Tarsus turned back to the front of the ship, just in time to be struck in the face by the white water of a wave’s crest.  He toppled backward, even as the ship tipped toward the starboard side.  The fingers of the Crystal Sea were upon them, and their grip was tighter than it had been before.
Tarsus slid down to the starboard railing and managed to grab hold of it before being thrown overboard.  He spit out the salty blood of the ocean left in his mouth; a remnant of the cruel blow it had struck him.  Sputtering, he caught his breath as the ship bobbed back to its righted position.
Struggling back to his feet, Tarsus’s ears were filled with cracks of thunder, howling winds, crashing waves and the joyous laughter of an overly amused deity.  Tarsus only stood there, feeling humiliated: suffering the sounds of these tormentors.  

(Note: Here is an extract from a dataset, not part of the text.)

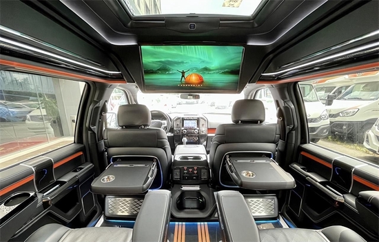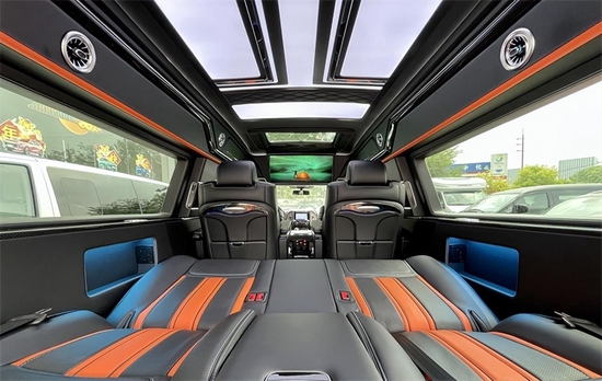 两个独立的航空头等舱按摩座椅,配有通风、加热、按摩等十二项电动调节功能,让我们在乘坐过程中有舒适的乘坐体验。顶部半隔断的车载无线网络电视机,全车10个进口BO音响系统,再配合顶部天窗和后部的三色宫格顶灯相结合,搭配整车的线条式氛围灯,凸显整车的层次感,也烘托了整体的氛围。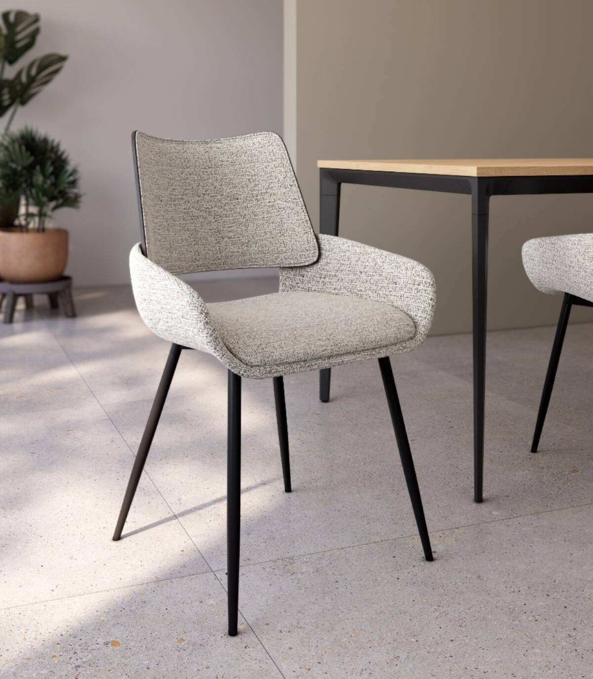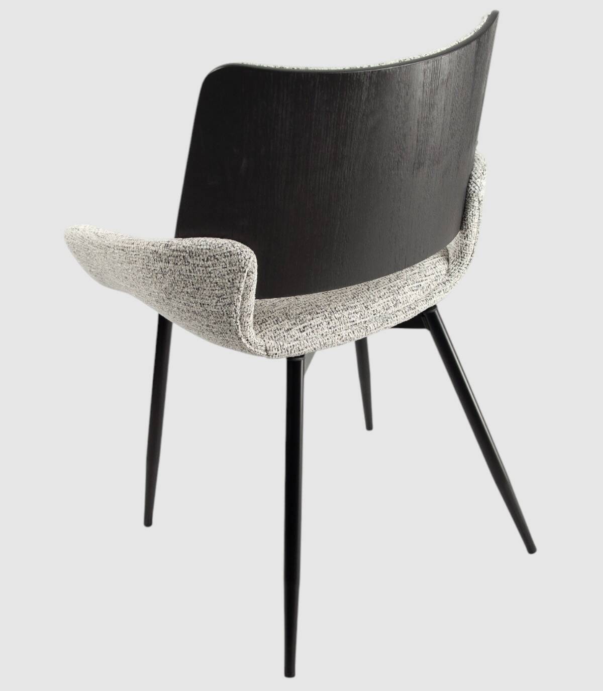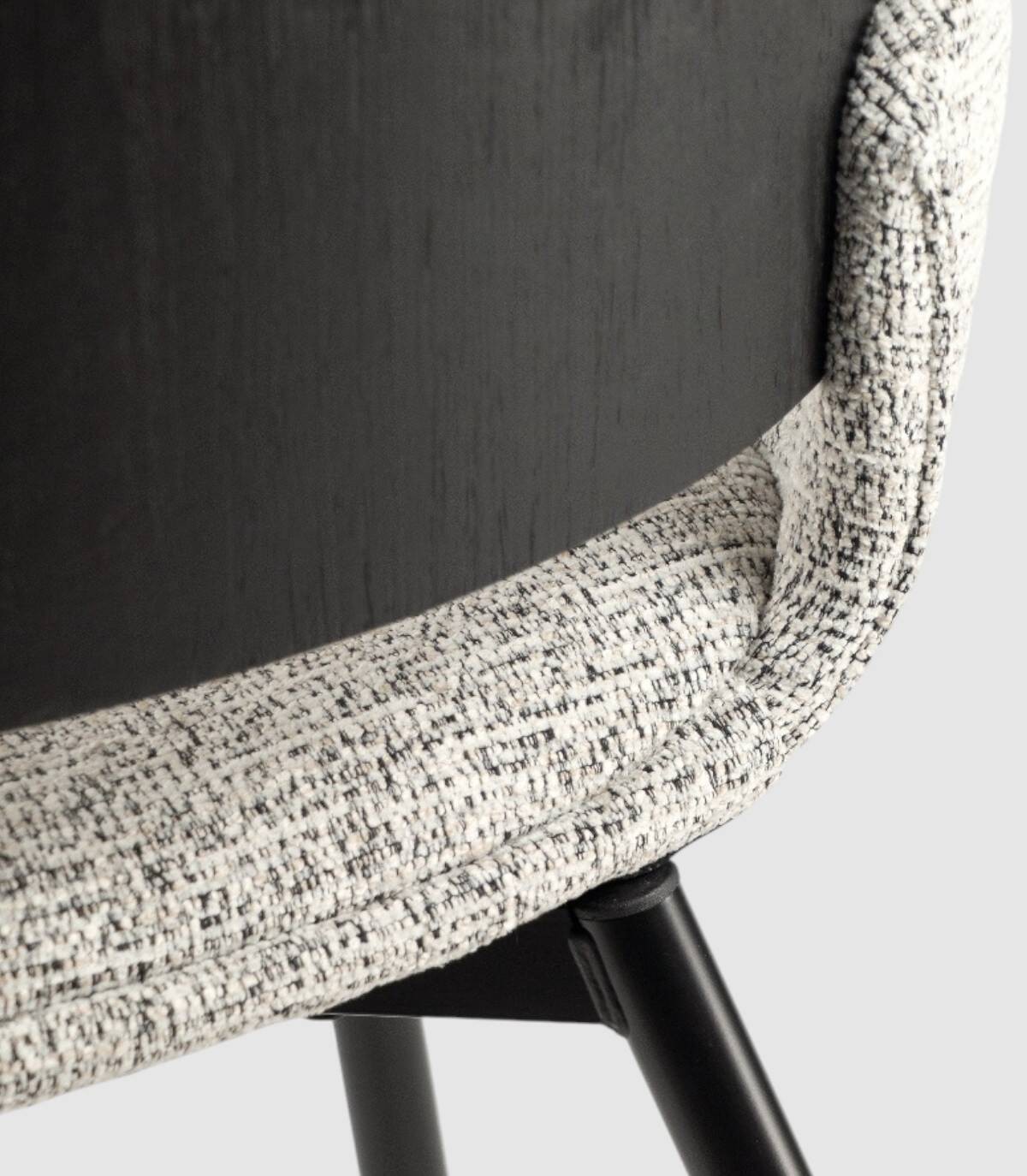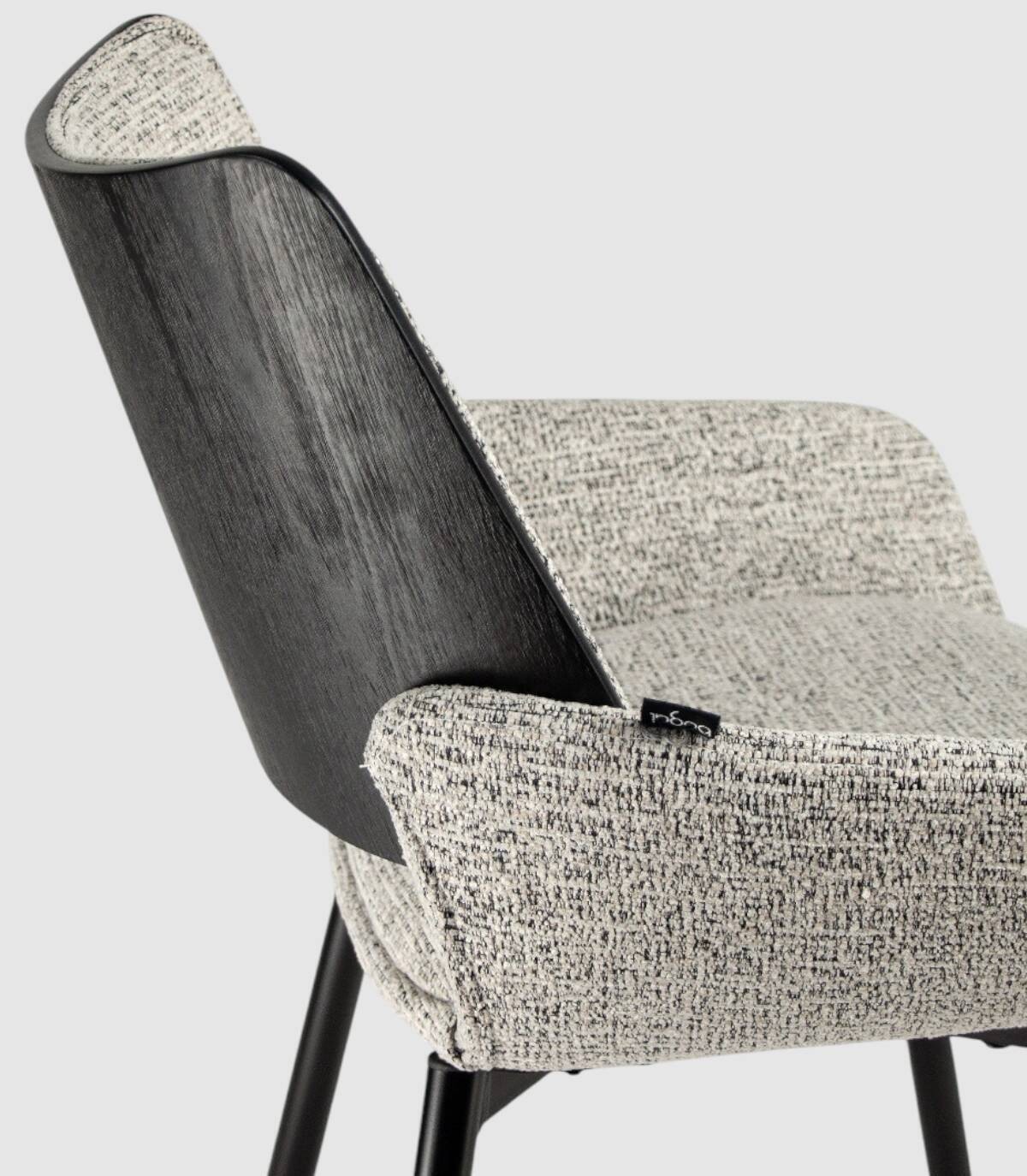 La silla Eva de comedor se compone de respaldo de madera de color roble negro y tapizado, cuatro patas metálicas negras, asiento y reposabrazos tapizados.

But slowly, the buzz of ship’s deck displaced the din of damnation in his ears.  He focused on the shouting of desperate men and women as they did all they could in the face of a force far lager and older than any of them.  He marveled again, at how composed they all seemed as they ran this way and that doing all kinds of odd jobs: tying off broken boom lines, clamping together torn sailcloth, distributing ballast on whichever side of the ship needed it to keep the thing level. 
All of these things, he saw Cecily and Finnian rushing around and helping with: as though they had been on the crew for years.  
All of these things, he admonished himself for not doing, not thinking of, and not even trying to think of.  
He should get up and help them now, then.  But he didn’t.  What could he do now? 
This storm was not some god’s gambit or game to test his mettle.  It was real life; and in the face of real life, he had failed.  Had it not been for all of the other quick-witted, skillful, and even not-so-skillful people he was sailing with, he would have drowned.
        He realized that, once again, his hand had grasped the hilt of his sword.  He let it fall.